Przypomnę. Jesteśmy przynajmniej parę lat za tymi miastami, które rozpoczęły przemiany pod koniec lat 90. ub. wieku. Które dostały ogromny zastrzyk wsparcia z budżetu centralnego.
A u nas? Miasto zaczęło się rozwijać dopiero od roku 2012–2013, kiedy udało nam się uzyskać pierwsze dotacje na inwestycje. Nadrobiliśmy, ale nadal mamy co robić. Na drogach widać to wyjątkowo mocno. To dlatego od grudnia na ulicach, gdy tylko pogoda pozwala, pracuje po siedem–osiem ekip, które nic innego nie robią, tylko naprawiają dziury.
Co do wzburzonych kierowców. Rozumiem ich. Po to jesteśmy ubezpieczeni, by w razie pojawienia się szkody wypłacić odszkodowanie.

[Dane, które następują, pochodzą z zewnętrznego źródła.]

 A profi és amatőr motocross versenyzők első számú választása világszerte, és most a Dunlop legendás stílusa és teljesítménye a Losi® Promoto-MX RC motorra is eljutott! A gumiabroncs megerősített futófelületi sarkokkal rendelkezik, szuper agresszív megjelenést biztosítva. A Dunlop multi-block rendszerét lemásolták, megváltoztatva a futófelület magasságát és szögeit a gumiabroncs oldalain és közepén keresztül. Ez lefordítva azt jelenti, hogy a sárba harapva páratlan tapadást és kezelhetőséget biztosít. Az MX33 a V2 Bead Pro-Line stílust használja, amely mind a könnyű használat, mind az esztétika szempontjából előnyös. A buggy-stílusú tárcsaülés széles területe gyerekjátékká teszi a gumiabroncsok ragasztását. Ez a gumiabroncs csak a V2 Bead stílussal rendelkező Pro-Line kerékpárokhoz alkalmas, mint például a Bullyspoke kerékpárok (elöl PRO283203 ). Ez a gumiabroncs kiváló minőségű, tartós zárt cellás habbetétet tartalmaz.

Chciałabym tylko zauważyć, że miasto to nie teren wyścigów, zwłaszcza w sytuacji, gdy jest praktycznie całe remontowane i trudno się po nim przemieszczać, ale nie mam, niestety, zaczarowanego ołówka i nie mam możliwości zrobienia od ręki wszystkich inwestycji, na które miasto czekało latami.

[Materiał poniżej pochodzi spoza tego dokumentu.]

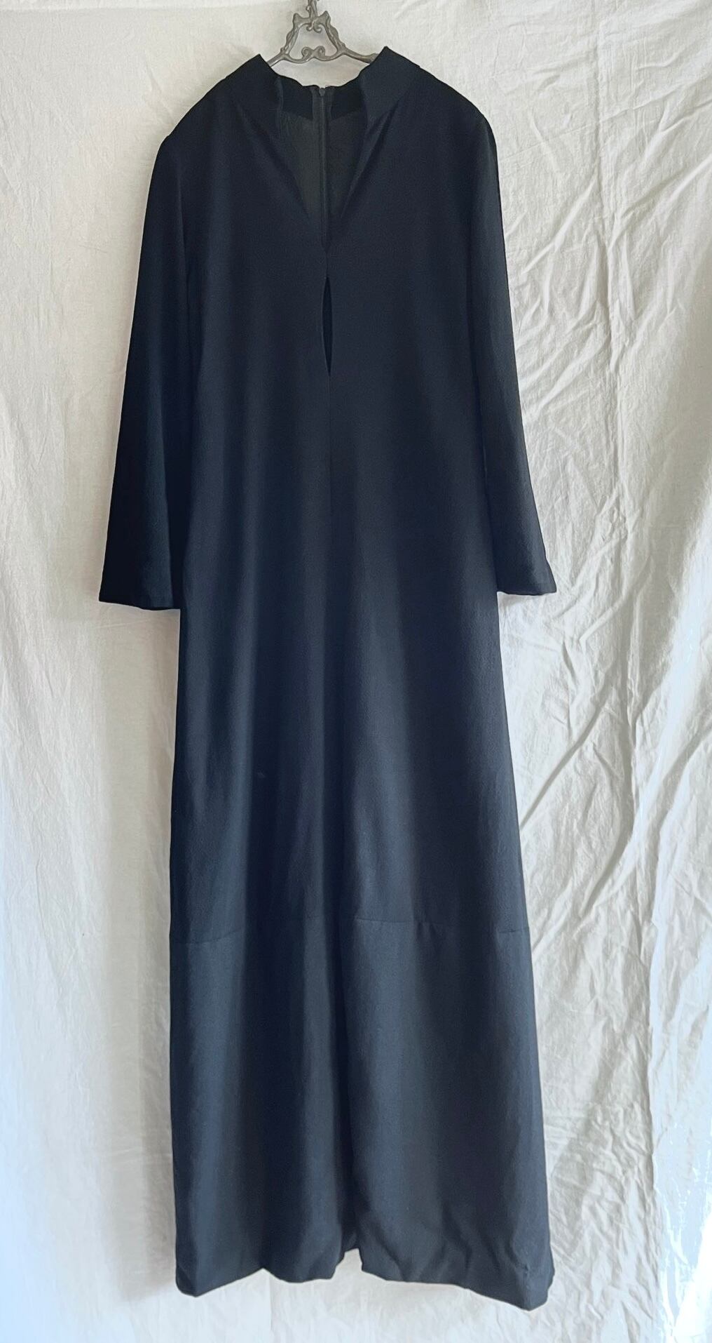 France 1960’s Hand Made Black Front Slit Long Sleeve Dress

Będzie pani kandydować do parlamentu jesienią?
Nie. Już raz byłam w Sejmie i nie zamierzam walczyć o taki mandat. Jestem kobietą czynu, więc najlepiej czuję się w Łodzi, gdzie faktycznie mogę zmieniać miasto i otaczającą rzeczywistość.
A będzie pani angażować się w kampanię wyborczą jako przedstawicielka Ruchu Samorządowego Tak! Dla Polski?
Oczywiście. Ruch Samorządowy Tak! Dla Polski powstał, żeby przede wszystkim podkreślić problemy, z jakimi mierzą się samorządy. I to niezależnie od tego, czy to są małe gminy, czy duże miasta.
Nie zamierzam kryć tego, co obserwujemy od lat: rządy PiS chcą zniszczyć samorządy. Centralizując wszystkie decyzje, depcząc to, co gminy znakomicie nauczyły się robić przez lata. To my, na miejscu, wiemy, w co zainwestować, na co czekają mieszkańcy.
A jeśli już rząd PiS dzielił dotacje – to tak, by pieniądze trafiły do samorządów, które są rządzone przez włodarzy związanych ze Zjednoczoną Prawicą. Wystarczy, że wspomnę tu Rządowy Fundusz Inwestycji Lokalnych. My, samorządowcy, nie mamy innego wyjścia, jak tylko zjednoczyć siły.
A w wyborach samorządowych wiosną 2024 r. będzie pani walczyć o czwartą kadencję?
Prawo to dopuszcza. Mogę ubiegać się jeszcze raz o pięcioletnią kadencję w Łodzi.